Лучшие страницы своей повести Менендес посвятил индейцам племен кора и уичоль — коренным обитателям этих земель. Автор создает яркие картины жизни индейцев, загнанных в труднодоступную, обособленную горную местность. Глубоким уважением к индейцам и их культуре проникнута вся повесть. Перед глазами читателя встают суровые будни индейцев, испытавших в течение нескольких столетий постоянные преследования и жесточайший гнет. Автор смотрит на индейцев не как праздный турист, любитель экзотики; для него индейцы кора — братья, сумевшие сохранить родной язык, традиции и обычаи и тем самым свое человеческое достоинство и веру в лучшее будущее.
Но автор показывает, что, изолированные от очагов культуры, индейцы сохранили и родоплеменные формы управления, первобытные религиозные верования, прежде всего культ солнца и культ предков, нормы обычного права, обрядности.

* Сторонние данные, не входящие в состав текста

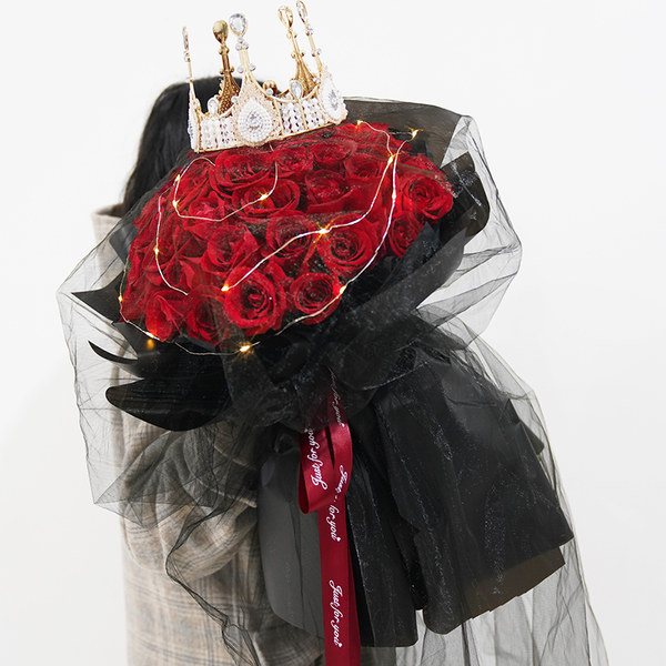 【一生陪你】99支精品红玫瑰,1条灯带,1个皇冠(样式随机),黑色英文缎带装饰花面。
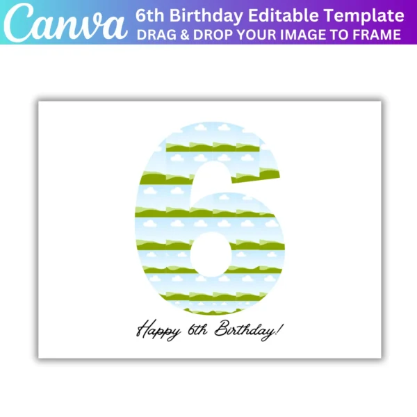 - High-resolution 6th Birthday Photo Collage Canva Template (2000×1500 px)

Как и столетие назад, индейцы вымаливают у богов хорошие урожаи, здоровье, удачи на промысле и другие блага. По-прежнему полузнахарь, полуколдун в шаманском экстазе пытается выгнать «злого духа» из тела больного. О том, насколько велика власть суеверия и невежества у индейцев, красноречиво свидетельствует трагическая концовка повести, не вошедшая в публикуемый сокращенный вариант. Обвинив в неурожае колдуна, индейцы кора, по обычаям предков, решили сжечь его на костре. Рамон, попытавшийся помешать этому, погибает от пули.
Хотя в Мексике уже длительное время действуют различные институты по изучению культуры и быта индейских групп, принимаются меры к ликвидации их неграмотности, ознакомлению индейцев с достижениями в области медицины, сельского хозяйства и т. д., но в жизни мексиканских индейцев осталось еще многое от тяжелого прошлого.

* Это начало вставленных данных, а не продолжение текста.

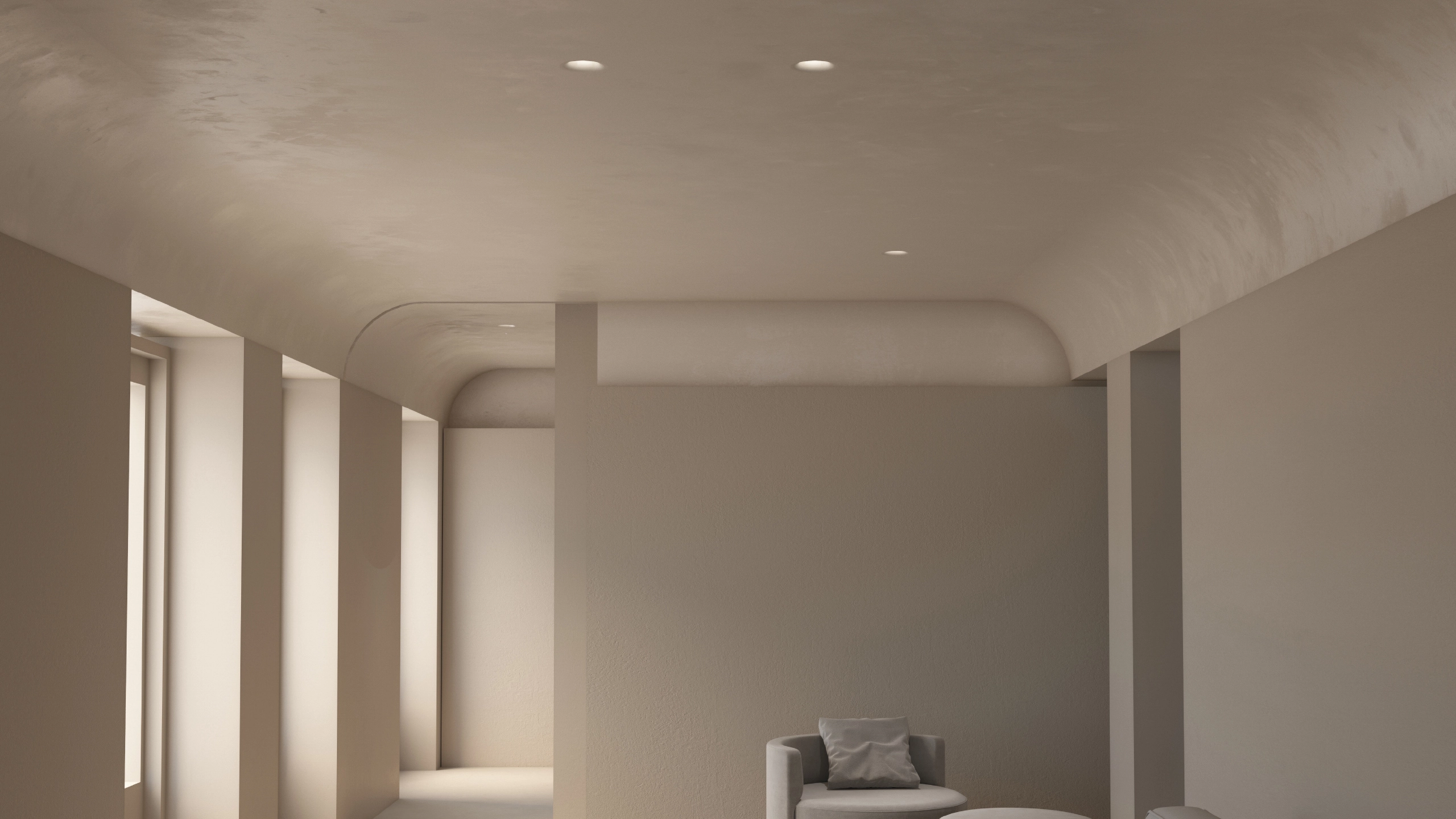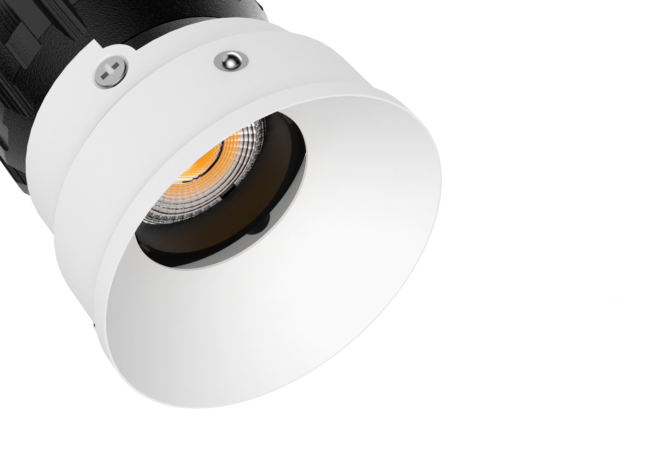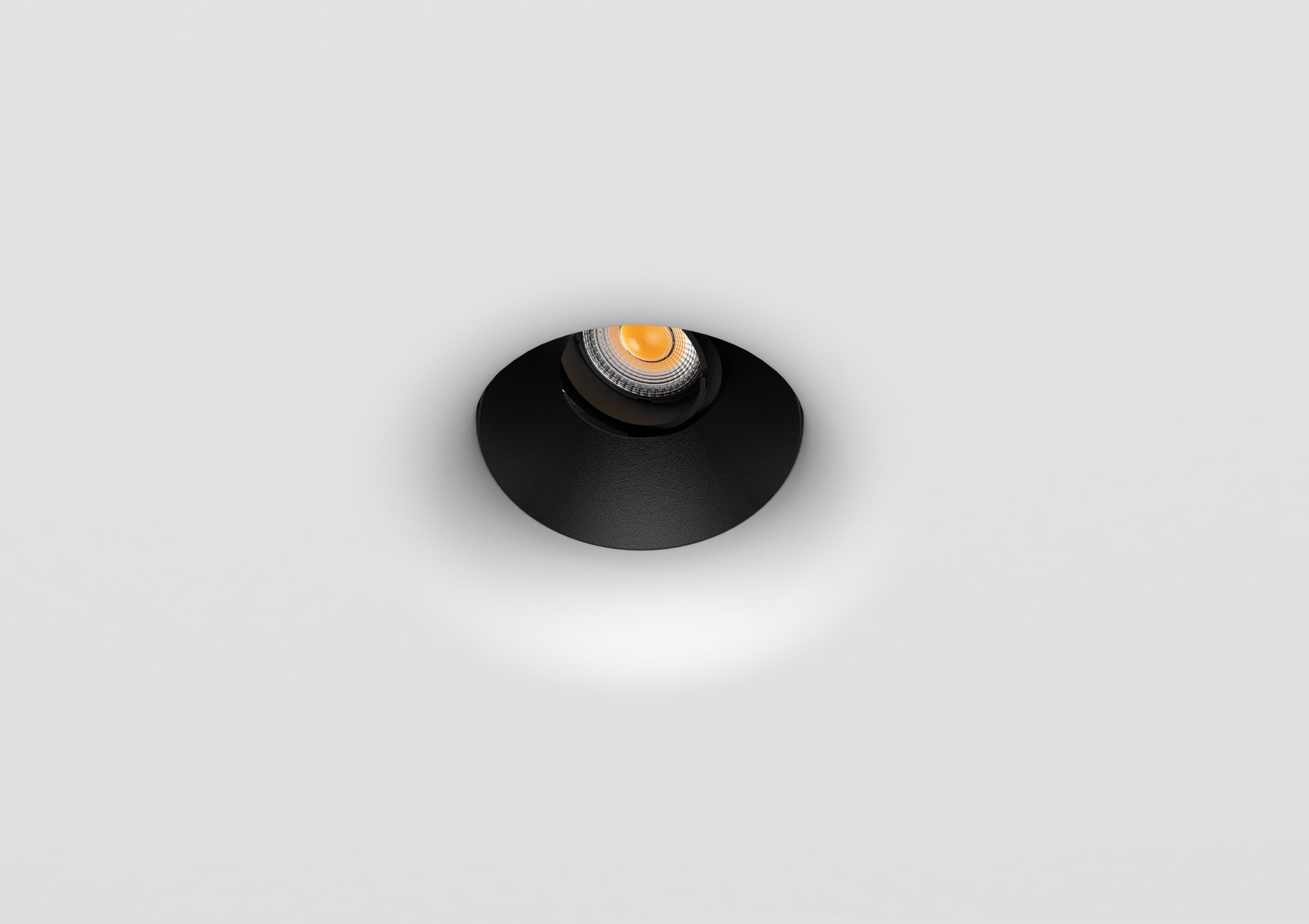 The concave geometry plays a key role in visual comfort. By recessing the light source deeper into the ceiling plane, glare is significantly reduced while maintaining focused, usable illumination. The result is a soft, controlled beam that highlights surfaces and objects without harsh cut-off or visual noise, making it ideal for living spaces, corridors, galleries, and hospitality interiors.
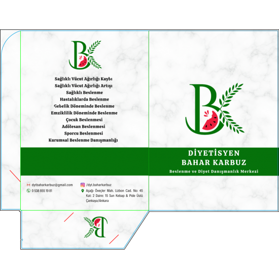 İster bireysel diyetisyen olun ister bir beslenme merkezi yönetin, dosyanız size özel tasarlanır. Renk paletiniz, logonuz ve font seçiminiz ile markanızı yansıtan özgün bir tasarım hazırlanır. Ücretsiz tasarım desteğiyle profesyonel sonuçlar elde edebilirsiniz.
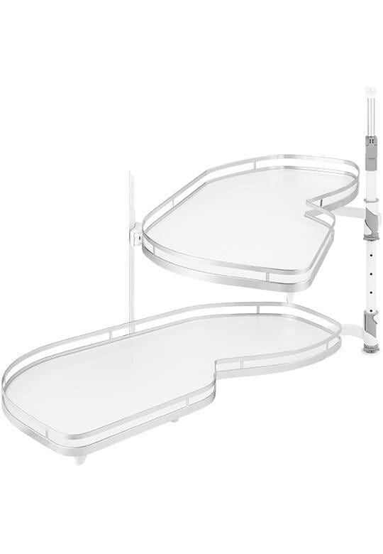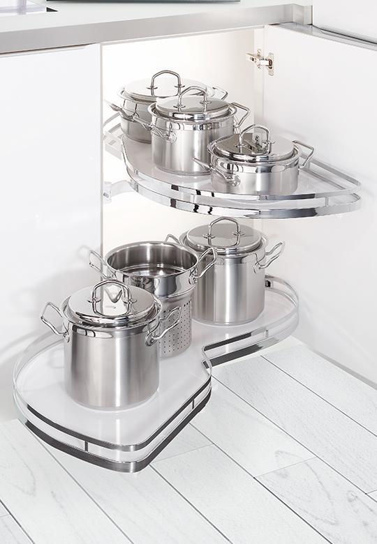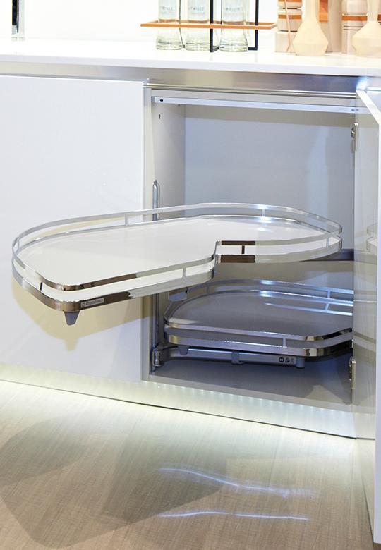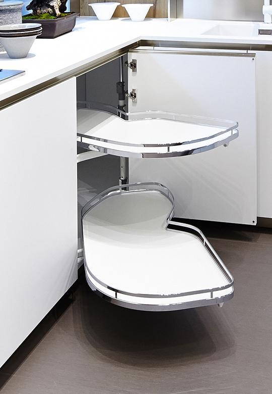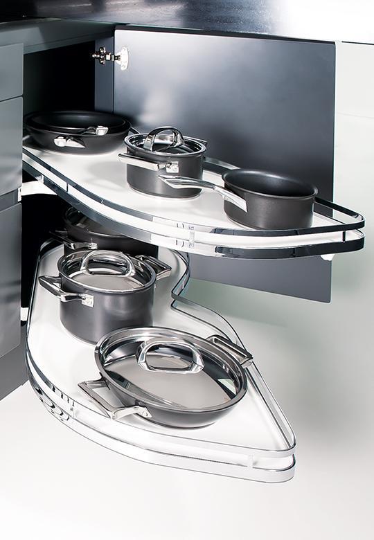Półki LeMans II posiadają opływowy kształt, dzięki temu naczynia idealnie się na nich układają. Długość półki to 950 mm, w najszerszym miejscu do dyspozycji mamy 390 mm powierzchni użytkowej (pomiar półki na części od strony szafki), natomiast w drugim najszerszym miejscu to aż 450 mm (pomiar półki na części od strony frontu). Powierzchnia użytkowa każdej z półki to 0,340 m2.
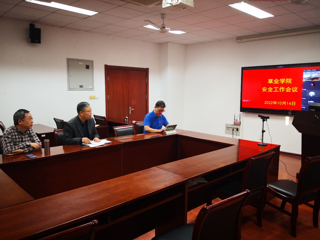 在理科南楼F304会议室召开安全工作线上会议,全院教职工参加会议,会议由院党总支书记李俊龙主持。

Писатель резко критикует реакционную помещичью верхушку, всячески препятствующую прогрессивным начинаниям в Мексике. Аграрная реформа, начатая демократически настроенным президентом Карденасом, еще больше обострила противоречия между латифундистами, высшим католическим духовенством и крестьянством. Для защиты своей собственности латифундисты привлекали банды наемников — «синих», кристерос, — боровшихся с оружием в руках против правительства и всех прогрессивных начинаний, будь то аграрная реформа, национализация иностранных нефтяных компаний или реформа в области образования. Они убивали членов аграрных комиссий, учителей и государственных служащих, взрывали мосты, пускали под откос поезда, терроризировали целые области. Индейцы были в числе первых жертв политического террора, царившего в стране. Они подвергались насилию не только со стороны кристерос, но и со стороны федеральных войск.

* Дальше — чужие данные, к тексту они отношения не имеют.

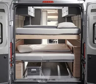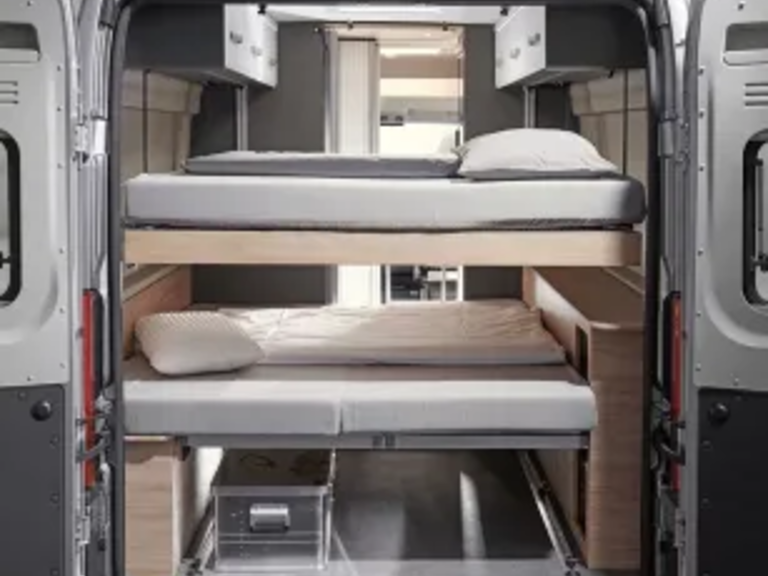 - Hubbett mit Lattenrost und enorm viel Stauraum im Heck
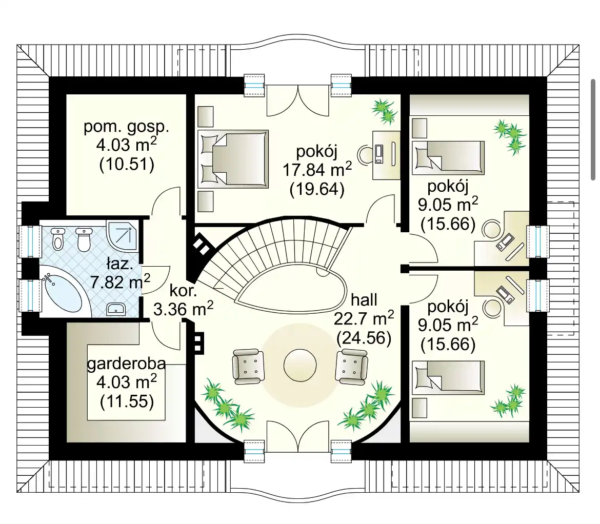 - trzy sypialnie uzupełniają się: łazienką, pomieszczeniem gospodarczym i garderobą,
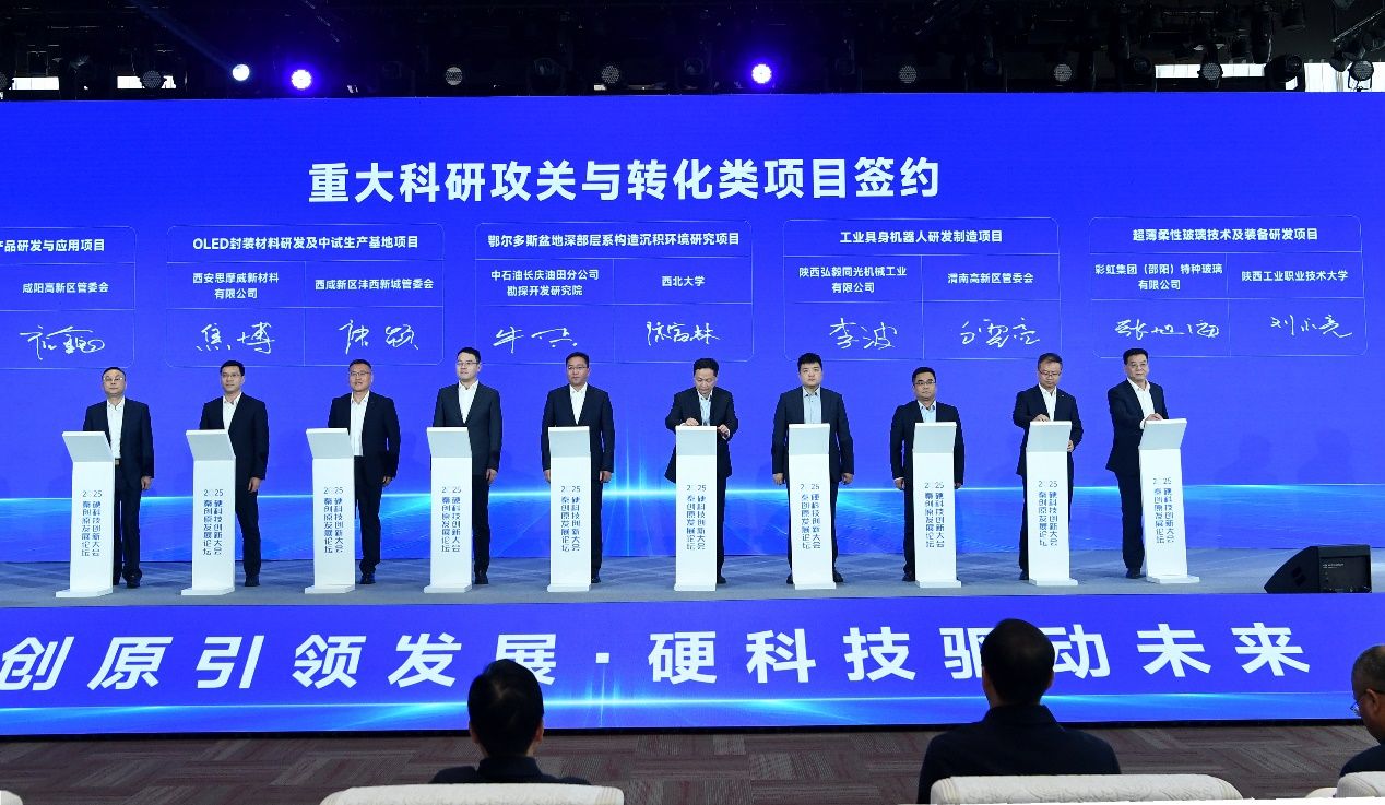 开幕式上发布了秦创原创新驱动平台建设成效、西安硬科技重大突破以及陕西省2026年暨“十五五”首批科技创新重大需求,并集中签约了20项重点项目。校长刘永亮与彩虹集团(邵阳)特种玻璃有限公司咸阳分公司成功签订“下拉法玻璃成型设计及技术开发”重大科研攻关与转化项目。

Как страстный борец за свободу мексиканского народа, Менендес не мог обойти молчанием и эксплуатацию страны монополиями США. Словно чудовищные существа, которые приходят, берут все и уходят, высятся вдоль берегов лесопилки американских компаний «Рой и Титкомб». До сих пор американский империализм обирает мексиканский народ, наживает миллионные прибыли.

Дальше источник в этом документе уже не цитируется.